= Nottingham Caves Survey =

Research project to map the caves under the city of Nottingham, England

The Nottingham Caves Survey was a research project the aim of which was to scan every accessible cave from the 700+ man-made sandstone caves that are known to be present in the city of Nottingham. It was conducted by Trent and Peak Archaeology, at the University of Nottingham. It was managed by Dr David Strange-Walker with Julia Clarke, with documentary research undertaken by Scott Lomax. The final report was compiled by Dr David Knight (York Archaeology, former Trent & Peak Archaeology), Dr Emily Stammitti (Trent & Peak Archaeology) and Gordon Young. The project was funded primarily by both the Greater Nottingham Partnership, who have an interest in utilising the caves for increasing tourism and helping grow the local economy, and English Heritage, who are motivated by an interest in preserving the remaining heritage of Nottingham.

The project built upon the data held by Nottingham City Council and that collected in the 1980s as part of the British Geological Survey (BGS), where all the known caves of Nottingham were recorded into the BGS register. Nottingham City Council's Urban Archaeological Database (UAD) was a key resource. The Nottingham Caves Survey team visited some of the caves listed in the BGS register, asked permission from the owner to view the cave, and if the conditions were suitable, scanned the cave structure using a 3D laser scanner. The laser scanner builds up a 'point cloud' by collecting billions of survey points, which make up the black and white 3D images. Fish-eye photographs were taken from exactly the same position on the tripod around 360 degrees. The 'point cloud' can be merged with the photographs and manipulated to make plans, animations and fly-through videos, available on the project website.
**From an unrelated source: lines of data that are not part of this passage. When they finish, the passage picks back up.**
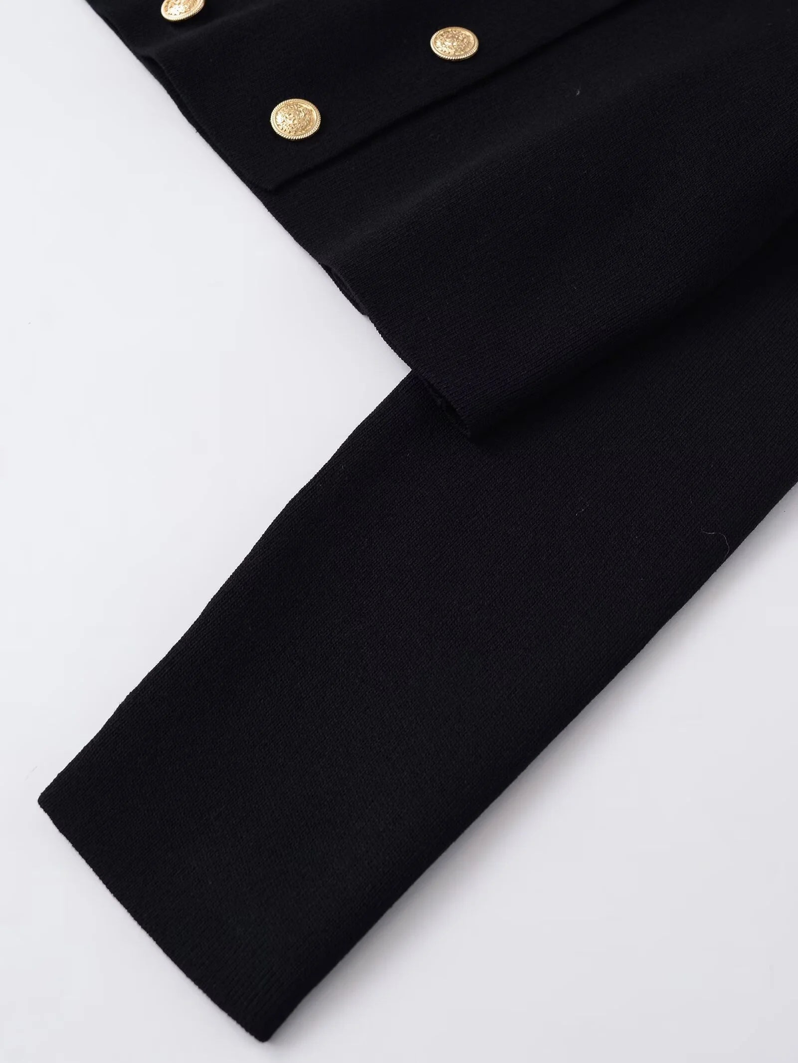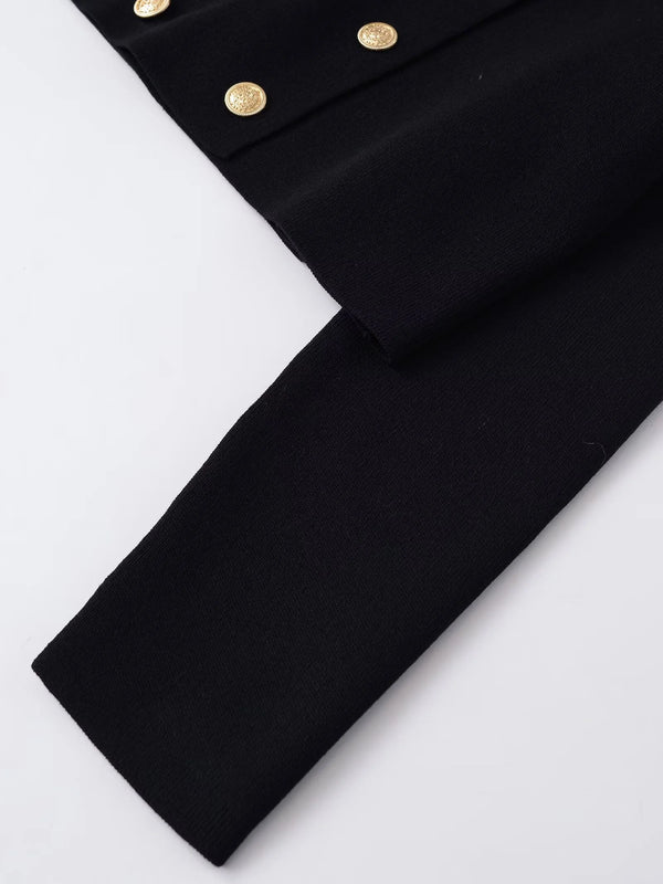 Women's Double Breasted Knit Jacket - Short Casual Blazer
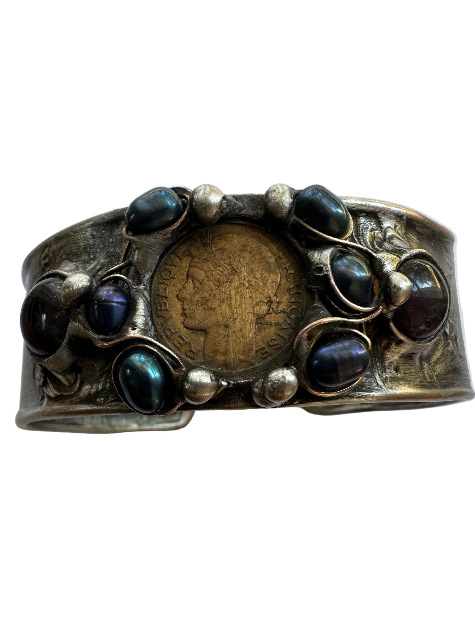 Vintage bronze French coin from the 1930’s. Set on flexible metal cuff that fits various wrist sizes. Only one available.
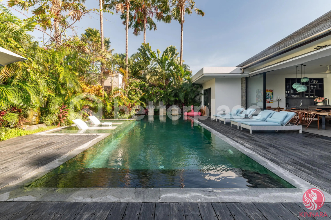 This fully furnished 3-bedroom villa is located in the center of Berawa, one of Bali’s most vibrant and sought-after coastal areas. It is within walking distance of the beach, popular cafes, and lifestyle spots like Finns Beach Club. The property is situated in a secure residential compound that offers a balance of privacy and convenience. Set on approximately 390 sqm of land with a building area of about 300 sqm, the villa features a sleek, modern design with tropical touches, making it ideal for both personal use and short-term rental. The open-plan living and dining areas flow effortlessly into the outdoor space, providing a comfortable layout that meets guest expectations in this market.

The Nottingham Caves Survey recorded data from an eclectic range of cave systems, from the famous Mortimer's Hole and King David's Dungeon at Nottingham Castle, the cave complexes of the renowned Ye Olde Trip to Jerusalem, Ye Olde Salutation Inn and The Bell Inn - claimed to be three of the oldest inns in England - to the cave cellars of houses dotted around the city, as each are considered to have a unique story to tell. The project commenced in 2010, with the surveying completed in 2012. In total 64 caves were surveyed.

The project has received widespread press, due to the possible implications on well known Nottingham lore like that of the famous legend of Robin Hood, by such varied media outlets as ThisIsNottingham, BBC News, Science Daily and the New York Times. The project has also received positive attention for the environmental policies of the surveying team, as most of the equipment was transported between sites in trailers by bicycles.